* About this task
Copy the first line of the entries below and every line after it through the line containing "Les Amis de". Do not include pictures.

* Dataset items
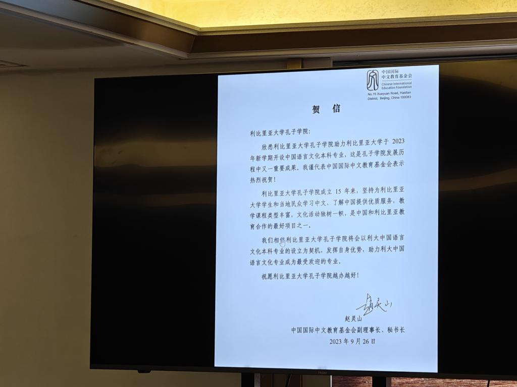 中国国际中文教育基金会和william威廉中文官网分别发来了贺信与视频,祝贺中国语言文化本科专业成功设立。中国国际中文教育基金会副理事长、秘书长赵灵山鼓励利大孔院以中国语言文化本科专业的设立为契机,发挥自身优势,助力利大中国语言文化专业成为最受欢迎的专业。william威廉中文官网副校长谈传生表示william威廉中文官网愿加大支持力度,与利比里亚大学共同携手,把中国语言文化本科专业建设好,为利比里亚社会经济建设和中利友好事业,培养更多优秀的国际化人才。
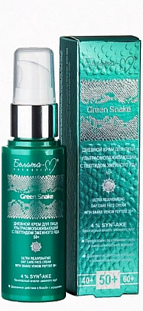 A krém a halántékvipera mérgének tripeptidjét tartalmazza, amely ellazítja az arc izmait. Simító hatás.
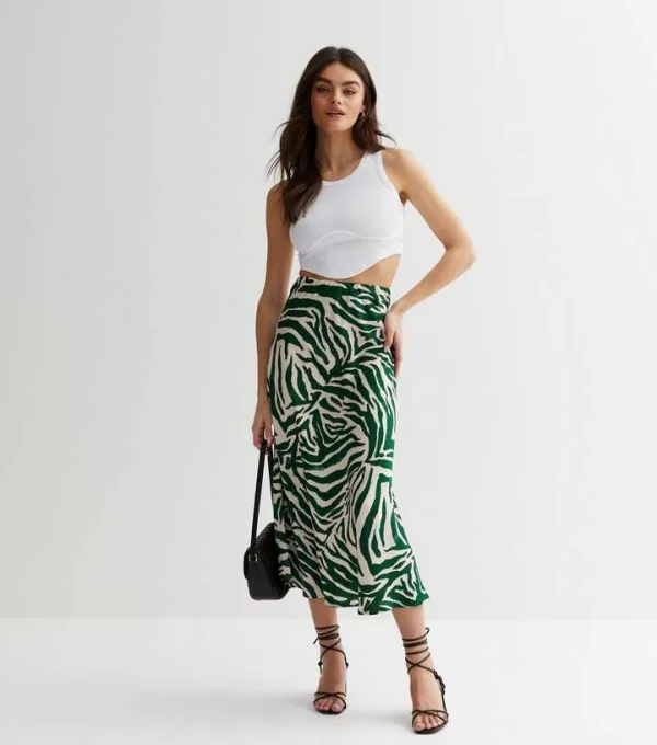 Voor het feestseizoen vul je dit zijdezachte satijn met je rondingen. Deze bias-cut beauty heeft een opvallende groene zebraprint en rimpelt romantisch bij elke stap. Deze rok past in de taille en heeft een flatterende knuffel in zeemeerminstijl. Voor een statement-look combineer je ze met een mouwloze top en hakken met bandjes.
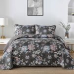 WONGS BEDDING Botanical Quilt Set Queen Size, Sage Green 3 Pieces Toile Floral Plants Printed Bedspread Bedding Set Soft Lightweight Microfiber Coverlet Set for All Season (96″x90″)
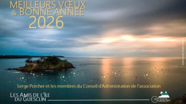 Les Amis de l’ile du Guesclin sont heureux de présenter ses meilleurs voeux à tous nos internautes qui viennent visiter le site de l’association. Merci à Olivier Frassati, pour la très photo qu’il a faite de l’ile. Au Plaisir de vous retrouver en 2026, pour nos événements culturels et musicaux.
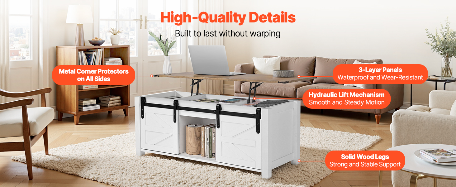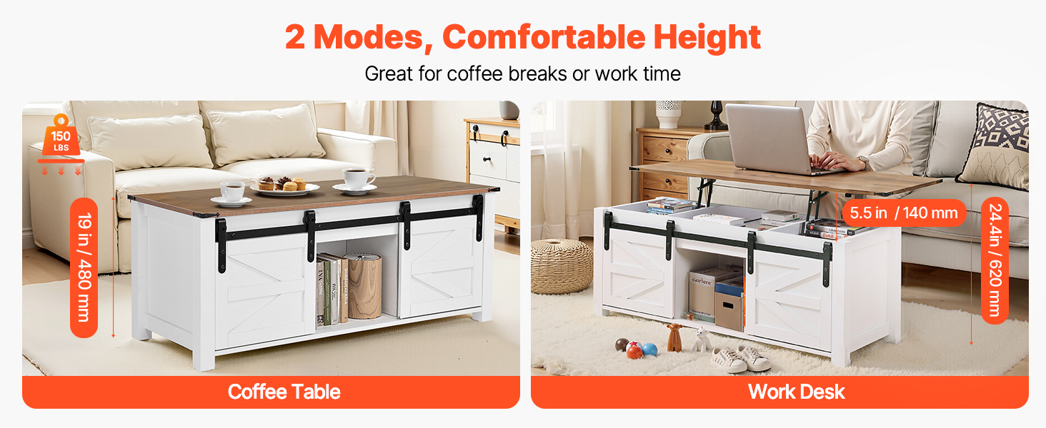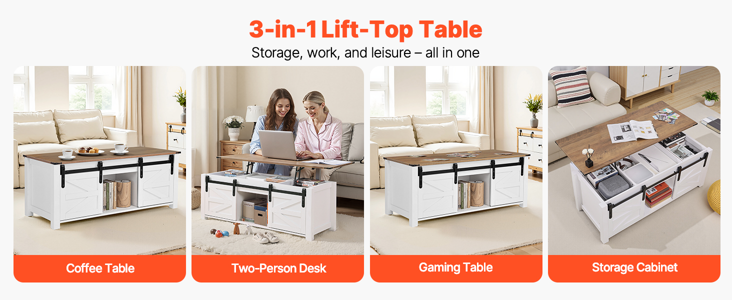 Tento multifunkčný konferenčný stolík so zdvíhacou doskou kombinuje štýl a funkčnosť so skrytým úložným priestorom, takže je ideálnym riešením na každodenné skladovanie. Vďaka hladkému zdvíhaciemu mechanizmu sa ľahko premení na dočasný pracovný alebo jedálenský stôl a bez námahy sa prispôsobí vašim potrebám - či už relaxujete, pracujete z domu, alebo si vychutnávate bežné jedlo v obývačke.

* Answer area
 中国国际中文教育基金会和william威廉中文官网分别发来了贺信与视频,祝贺中国语言文化本科专业成功设立。中国国际中文教育基金会副理事长、秘书长赵灵山鼓励利大孔院以中国语言文化本科专业的设立为契机,发挥自身优势,助力利大中国语言文化专业成为最受欢迎的专业。william威廉中文官网副校长谈传生表示william威廉中文官网愿加大支持力度,与利比里亚大学共同携手,把中国语言文化本科专业建设好,为利比里亚社会经济建设和中利友好事业,培养更多优秀的国际化人才。
 A krém a halántékvipera mérgének tripeptidjét tartalmazza, amely ellazítja az arc izmait. Simító hatás.
 Voor het feestseizoen vul je dit zijdezachte satijn met je rondingen. Deze bias-cut beauty heeft een opvallende groene zebraprint en rimpelt romantisch bij elke stap. Deze rok past in de taille en heeft een flatterende knuffel in zeemeerminstijl. Voor een statement-look combineer je ze met een mouwloze top en hakken met bandjes.
 WONGS BEDDING Botanical Quilt Set Queen Size, Sage Green 3 Pieces Toile Floral Plants Printed Bedspread Bedding Set Soft Lightweight Microfiber Coverlet Set for All Season (96″x90″)
 Les Amis de l’ile du Guesclin sont heureux de présenter ses meilleurs voeux à tous nos internautes qui viennent visiter le site de l’association. Merci à Olivier Frassati, pour la très photo qu’il a faite de l’ile. Au Plaisir de vous retrouver en 2026, pour nos événements culturels et musicaux.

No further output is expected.